Solving Systems With Three Variables

A system of three equations with three unknowns works on the same principle as a two-variable system: you need as many independent equations as you have unknowns. The strategy is to use elimination (or substitution) to reduce the three-variable system down to a two-variable system, solve that, then back-substitute to find all three values.

The Method

The general approach using elimination:

  1. Choose two pairs of equations and eliminate the same variable from each pair. This leaves you with two new equations in two unknowns.
  2. Solve that two-variable system using the methods from the two-variable lesson.
  3. Back-substitute the values you found to get the third variable.
  4. Check your answer in all three original equations.

Worked Example

Solve the system:

$$x + y + z = 6 \tag{1}$$ $$2x - y + z = 3 \tag{2}$$ $$x + 2y - z = 2 \tag{3}$$

Step 1 — Eliminate z from two pairs.

Add equations (1) and (3):

$$(x + y + z) + (x + 2y - z) = 6 + 2$$ $$2x + 3y = 8 \tag{A}$$

Add equations (2) and (3):

$$(2x - y + z) + (x + 2y - z) = 3 + 2$$ $$3x + y = 5 \tag{B}$$

Step 2 — Solve the two-variable system (A) and (B).
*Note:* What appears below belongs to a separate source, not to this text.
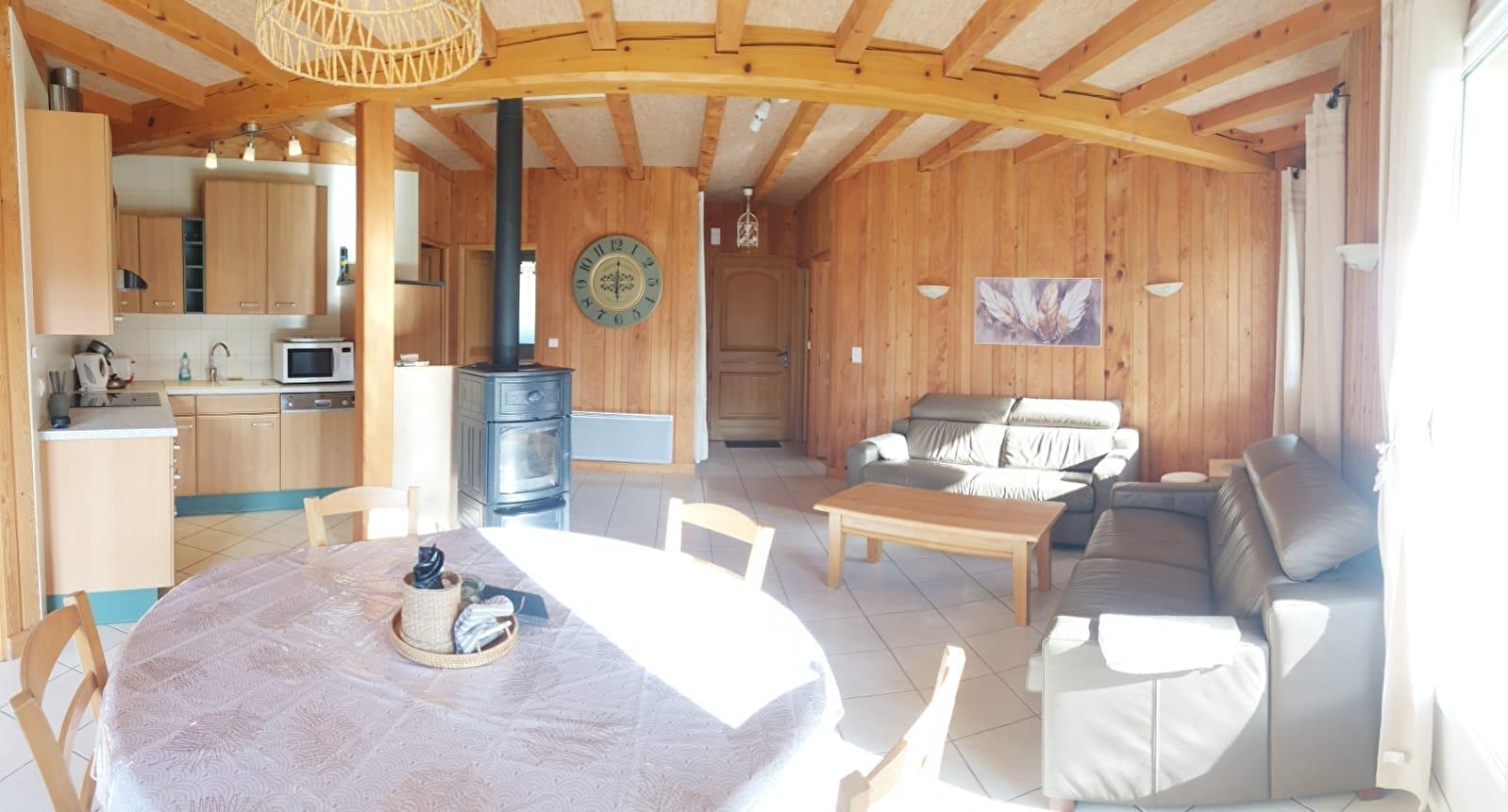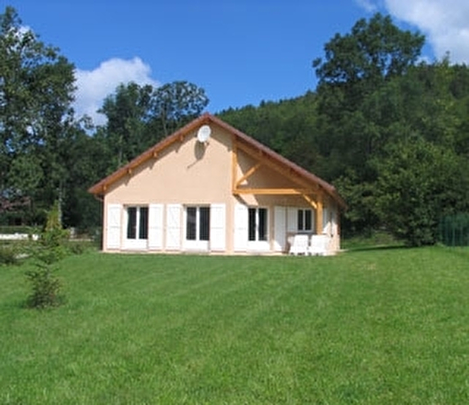 Maison indépendante de plain-pied de grand confort. Intérieur bois, cuisine entièrement équipée, salon-séjour, poêle à bois, salle d'eau. ch1: 1 lit 2 pl, ch2: 2 lits 1 pl, ch3: 2 lits 1 pl superposés. Terrasse couverte de 30m², salon de jardin, barbecue, parking couvert. Chauffage électrique et bois. Charges non comprises. Tarifs variables hors saison en fonction du nombre de personne. Pour avoir le détail des tarifs : contactez la propriétaire ou consultez le site www.gitejura.com. Connexion internet wifi sur place. Possibilité de location de draps: 7€/pers. Au bord du GR et à 1 km du lac de CHALAIN. tarif animal: 35€/semaine. Pentecôte et Ascension : tarif sur demande auprès de la propriétaire. ATTENTION SUR JUILLET ET AOUT : uniquement à partir de 15 jours

From equation (B): \(y = 5 - 3x\).

Substitute into (A):

$$2x + 3(5 - 3x) = 8$$ $$2x + 15 - 9x = 8$$ $$-7x = -7$$ $$x = 1$$

Then \(y = 5 - 3(1) = 2\).

Step 3 — Back-substitute to find z.

Use equation (1): \(1 + 2 + z = 6 \implies z = 3\).

Solution: \(x = 1,\ y = 2,\ z = 3\).

Step 4 — Check in all three original equations:

  • \(1 + 2 + 3 = 6\) ✓
  • \(2(1) - 2 + 3 = 3\) ✓
  • \(1 + 2(2) - 3 = 2\) ✓

When There's No Unique Solution

Not every system has exactly one solution.

No solution: The equations are inconsistent — they can't all be true at once. Geometrically, three planes that don't all share a common point. Algebraically, you'll reach a contradiction like \(0 = 5\) during elimination.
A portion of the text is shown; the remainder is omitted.